Linearized Bacmid Δ Ac29-33 co-transfected Sf9 insect cells with pTriEx-GFP plasmid (GFP gene fragment cloned between pTriEx1.1 NcoI/XhoI sites), and recombinant virus generation P0 was collected 5 days after transfection. The P0 generation virus was amplified to P1 generation virus, Sf9 cells were infected at 3 MOI, and cells were harvested on the fourth day after infection. The green fluorescence intensity of the cells was measured by flow cytometry and the geometric mean was calculated (FIG. 3). The yield of GFP, a green fluorescent protein, was increased by 86% compared to the wild type.

4. Virus propagation properties.

Sf9 cells were infected with the recombinant virus carrying green fluorescent protein at 0.1 MOI, and then samples were taken every 24 hours, and virus titers were determined by limiting dilution to plot a primary virus growth curve (FIG. 4). Compared with wild viruses, the proliferation characteristics of the Ac29-33 knockout virus are not changed significantly.
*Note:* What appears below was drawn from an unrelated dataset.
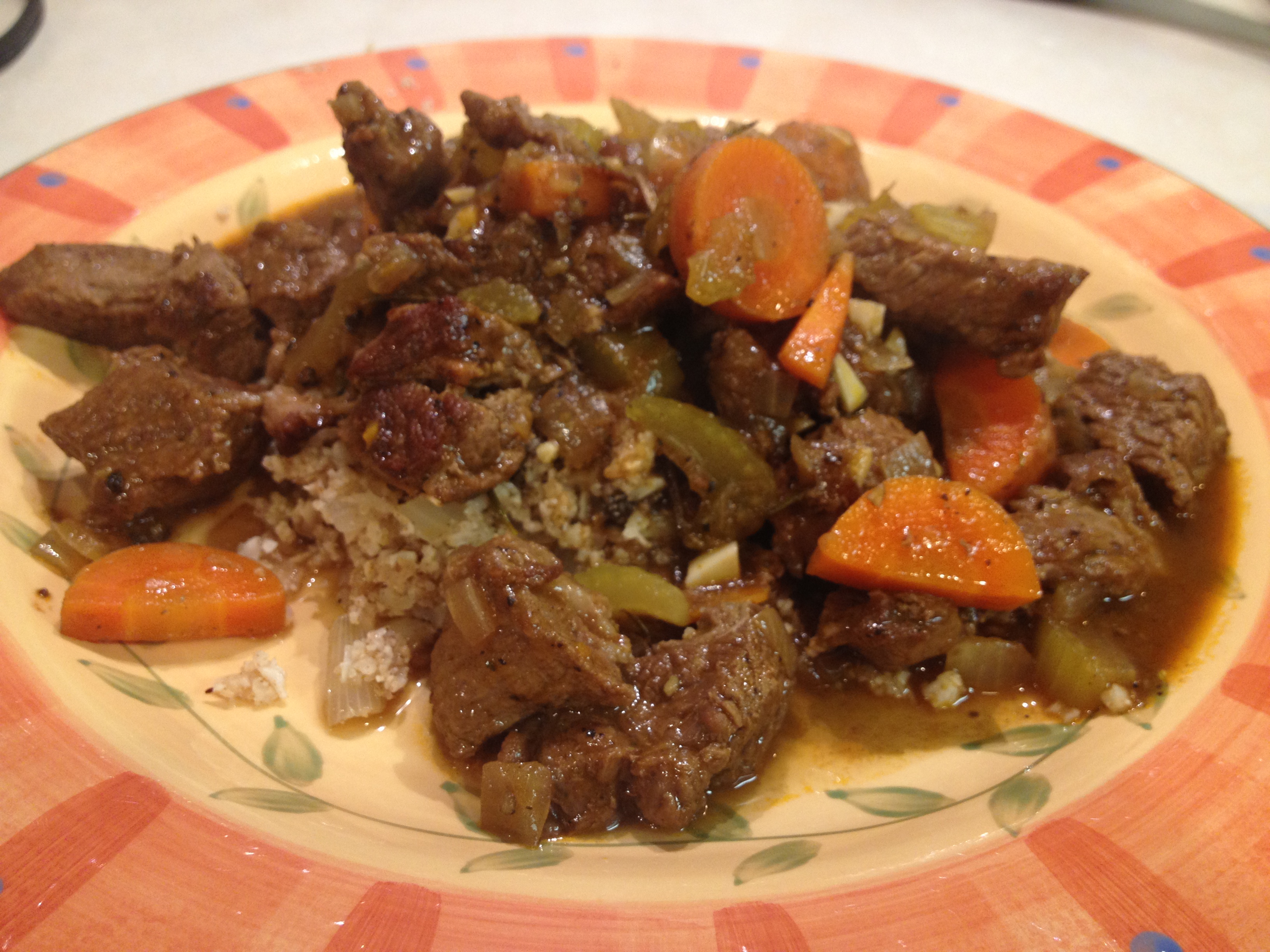 Typical breakfast of 4 eggs, sausage and vegetables. Cinnamon Beef Stew from Well FedIMG_2507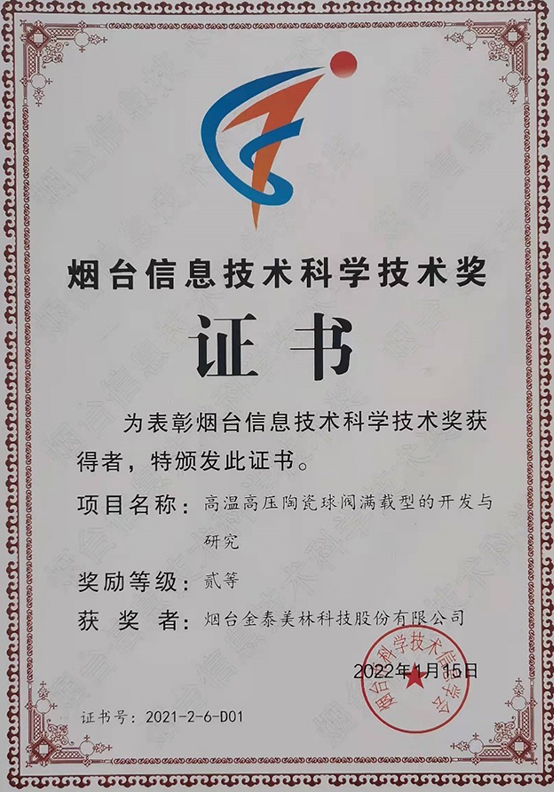 优秀的产品首先来自严谨的科研工作,正如李平董事长在元旦同乐会新年致辞中讲到的《荀子·劝学》里的名言,“不积跬步无以至千里,不积小流无以成江海”的道理,金泰美林也是这样一点一点成长起来的,如今正以燎原之势,蓄势待发。金泰美林的研发人员,积极开拓、勇于担当,新产品的研发的背后是他们努力的汗水和巧妙的智慧结晶。这也让他们斩获了一个又一个的奖项,“面向苛刻工况陶瓷球阀关键技术的研发与应用 ”项目,荣获山东省2021科技进步奖三等奖。“高温高压陶瓷球阀满载型的开发与研究”荣获烟台市科技局、科协联合颁发的烟台市科学技术二等奖。

The invention has the innovative ideas that: the present inventors have found at the time of their research that a large number of nonessential genes are present in the baculovirus genome and that some nonessential genes are present adjacent to each other in clusters, and these nonessential genes present in clusters (containing unknown functional genes) include five genes in succession from Ac29 to Ac 33.

The Ac29 gene has unknown function. The deletion of the homologous gene Bm20 in silkworm polyhedrosis Virus does not affect the replication of the Virus (Virus Res.2012; 165: 197-206.).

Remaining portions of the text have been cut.